In Statistical Methods in the Atmospheric Sciences, Daniel Wilks notes that multiple linear regression can lead to problems if there are very strong intercorrelations among the predictors (3rd edition, page 559-560):
A pathology that can occur in multiple linear regression is that a set of predictor variables having strong mutual correlations can result in the calculation of an unstable regression relationship.
He then introduces principal component regression:
An approach to remedying this problem is to first transform the predictors to their principal components, the correlations among which are zero.
So far so good. But next, he makes some statements that he does not explain (or at least not in sufficient detail for me to understand):
If all the principal components are retained in a principal component regression, then nothing is gained over the conventional least-squares fit to the full predictor set.

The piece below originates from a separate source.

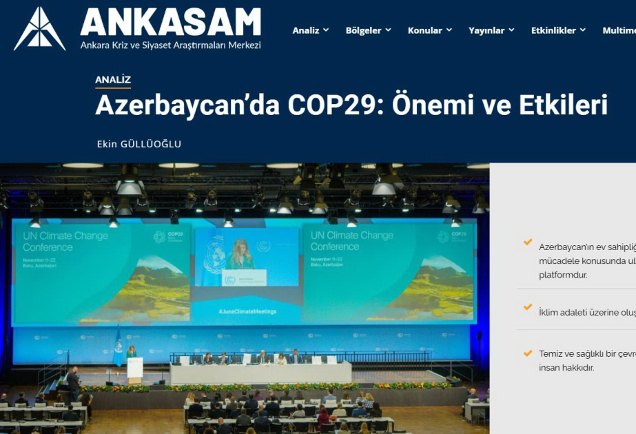 Türkiyəli ekspert: COP29 iqlim böhranı ilə mübarizədə yeni mərhələ olacaq
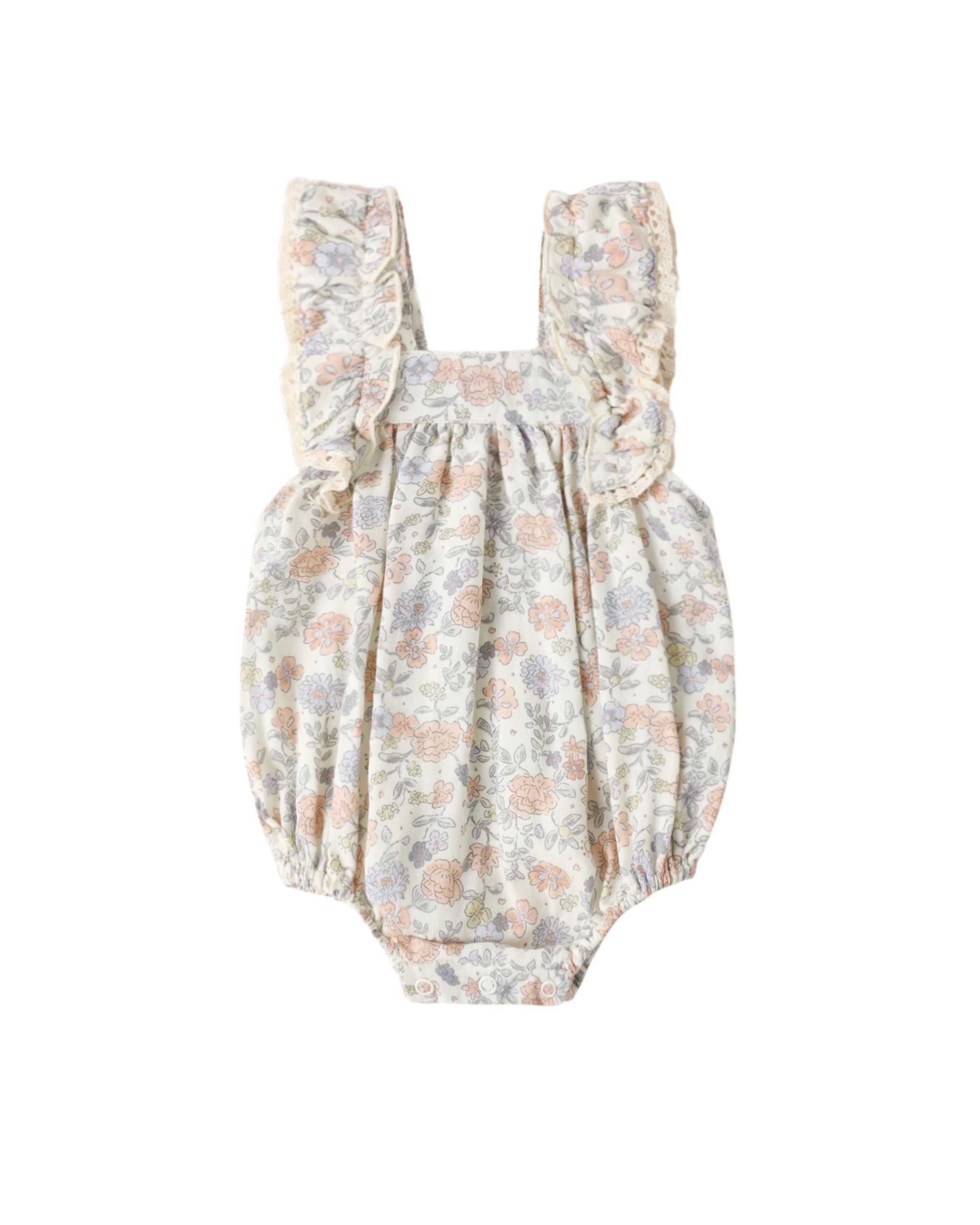 Our sweet Maya Romper features flutter straps and bottom snaps for an easy breezy look.

It is possible to reexpress the principal-component regression in terms of the original predictors, but the result will in general involve all the original predictor variables even if only one or a few principal component predictors have been used. This reconstituted regression will be biased, although often the variance is much smaller, resulting in a smaller MSE overall.
I don't understand these two points.
Of course, if all the principal components are retained, we use the same information as when we were using the predictors in their original space. However, the problem of mutual correlations is removed by working in principal component space. We may still have overfitting, but is that the only problem? Why is nothing gained?
Secondly, even if we do truncate the principal components (perhaps for noise reduction and/or to prevent overfitting), why and how does this lead to a biased reconstituted regression? Biased in what way?
Book source: Daniel S. Wilks, Statistical Methods in the Atmospheric Sciences, Third edition, 2011. International Geophysics Series Volume 100, Academic Press.